Here is an example. I try to manually pull an image on an ipv6 cluster from one of the master nodes: [core@master-1 ~]$ sudo podman pull quay.io/openshift-release-dev/ocp-v4.0-art-dev@sha256:e55e2ed25c29bb54f00c82159b9ef04f43b387fc0c2f114f597b757205052f07 Trying to pull quay.io/openshift-release-dev/ocp-v4.0-art-dev@sha256:e55e2ed25c29bb54f00c82159b9ef04f43b387fc0c2f114f597b757205052f07... Get https://quay.io/v2/: dial tcp 52.0.92.170:443: connect: network is unreachable Error: error pulling image "quay.io/openshift-release-dev/ocp-v4.0-art-dev@sha256:e55e2ed25c29bb54f00c82159b9ef04f43b387fc0c2f114f597b757205052f07": unable to pull quay.io/openshift-release-dev/ocp-v4.0-art-dev@sha256:e55e2ed25c29bb54f00c82159b9ef04f43b387fc0c2f114f597b757205052f07: unable to pull image: Error initializing source docker://quay.io/openshift-release-dev/ocp-v4.0-art-dev@sha256:e55e2ed25c29bb54f00c82159b9ef04f43b387fc0c2f114f597b757205052f07: (Mirrors also failed: [virthost.ostest.test.metalkube.org:5000/localimages/local-release-image@sha256:e55e2ed25c29bb54f00c82159b9ef04f43b387fc0c2f114f597b757205052f07: Error reading manifest sha256:e55e2ed25c29bb54f00c82159b9ef04f43b387fc0c2f114f597b757205052f07 in virthost.ostest.test.metalkube.org:5000/localimages/local-release-image: unauthorized: authentication required]): quay.io/openshift-release-dev/ocp-v4.0-art-dev@sha256:e55e2ed25c29bb54f00c82159b9ef04f43b387fc0c2f114f597b757205052f07: error pinging docker registry quay.io: Get https://quay.io/v2/: dial tcp 52.0.92.170:443: connect: network is unreachable Clearly the route to the internet is not available. So, when the cluster is trying to upgrade from the internet, ignoring the local mirror, then we'll see failures.

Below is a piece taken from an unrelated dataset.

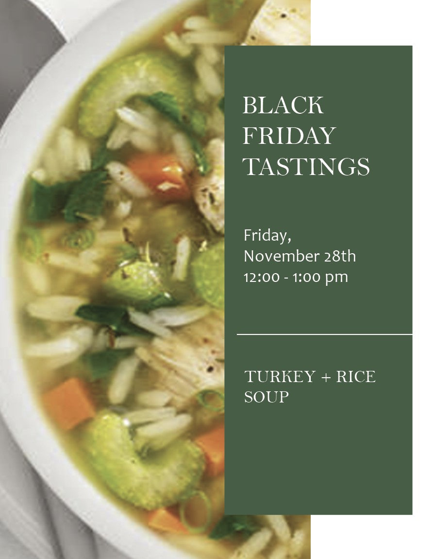 If you have left-over turkey you may want to try our Turkey and Rice soup tasting at 12:00. Holly will be in the kitchen stewing up our “Kentucky Homestead Chicken and Rice Soup ”from Frontier Soups. Just substitute the chicken for the turkey.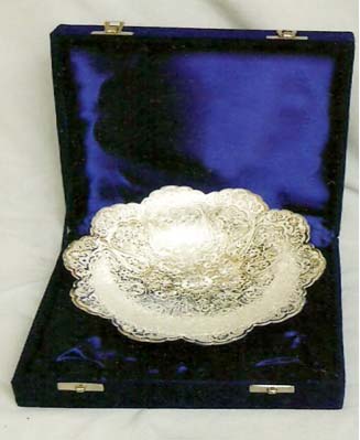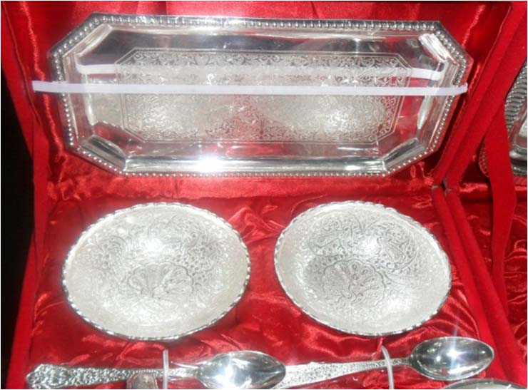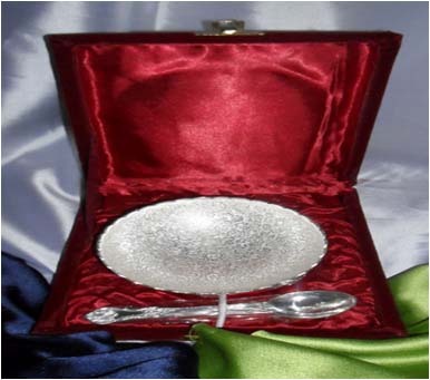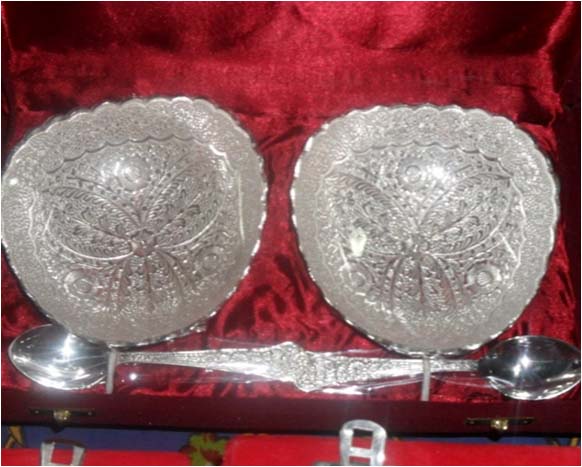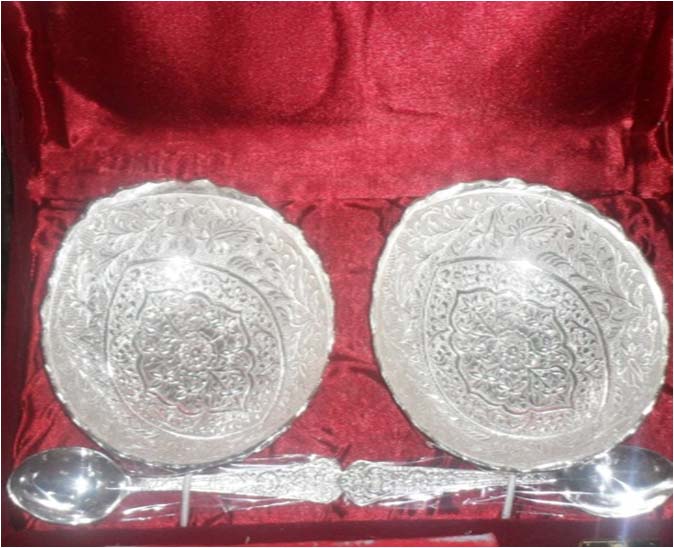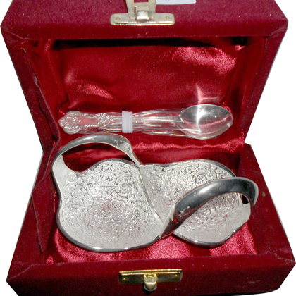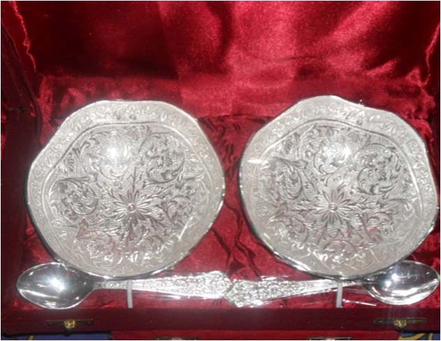 This is nice Bowl set with plate & spoon. In this set 2 bowl & 2 spoon with one plate. Beautifully decorated with floral carvings to give a traditional look. Exclusive utility item to serve your guest in style. A classy gift item for all occasions. Comes in a velvet covered wooden box (Just like a piece of Jewel).

(In reply to Polina Rabinovich from comment #0) > 2.Upgrade the cluster to version 4.6 nightly ( i used this one: > https://openshift-release.apps.ci.l2s4.p1.openshiftapps.com/releasetag/4.6.0- > 0.nightly-2020-08-26-032807 > > $oc adm upgrade --to-image > registry.ocp-edge-cluster-0.qe.lab.redhat.com:5000/localimages/local-release- > image:4.6.0-0.nightly-2020-08-26-032807 --allow-explicit-upgrade --force Forcing is not recommended [1]. If your motivation was the lack of an available, trusted signature on the target release, you should: * Stick to nightlies which have been mirrored to Quay [2] or use a feature candidate [3], and * Mirror in the target release's signature [4]. [1]: https://github.com/openshift/oc/pull/387 [2]: https://mirror.openshift.com/pub/openshift-v4/x86_64/clients/ocp-dev-preview/latest-4.6/ [3]: https://mirror.openshift.com/pub/openshift-v4/x86_64/clients/ocp-dev-preview/4.6.0-fc.5/ [4]: https://docs.openshift.com/container-platform/4.5/updating/updating-restricted-network-cluster.html#updating-restricted-network-image-signature-configmap (In reply to Kiran Thyagaraja from comment #4) > If you notice that there is a status component that says: 'Unable to > retrieve available updates... --allow-explicit-upgrade tells 'oc' to not worry about targets that not in avialableUpdates, and --to-image means that you don't need availableUpdates to convert a version to a pullspec. And all of this happens as part of requesting the update. By the time the cluster-version operator is actually reconciling the cluster to the 4.6 target, further availableUpdates issues are completely irrelevant. Whatever is sticking the update part way is something else.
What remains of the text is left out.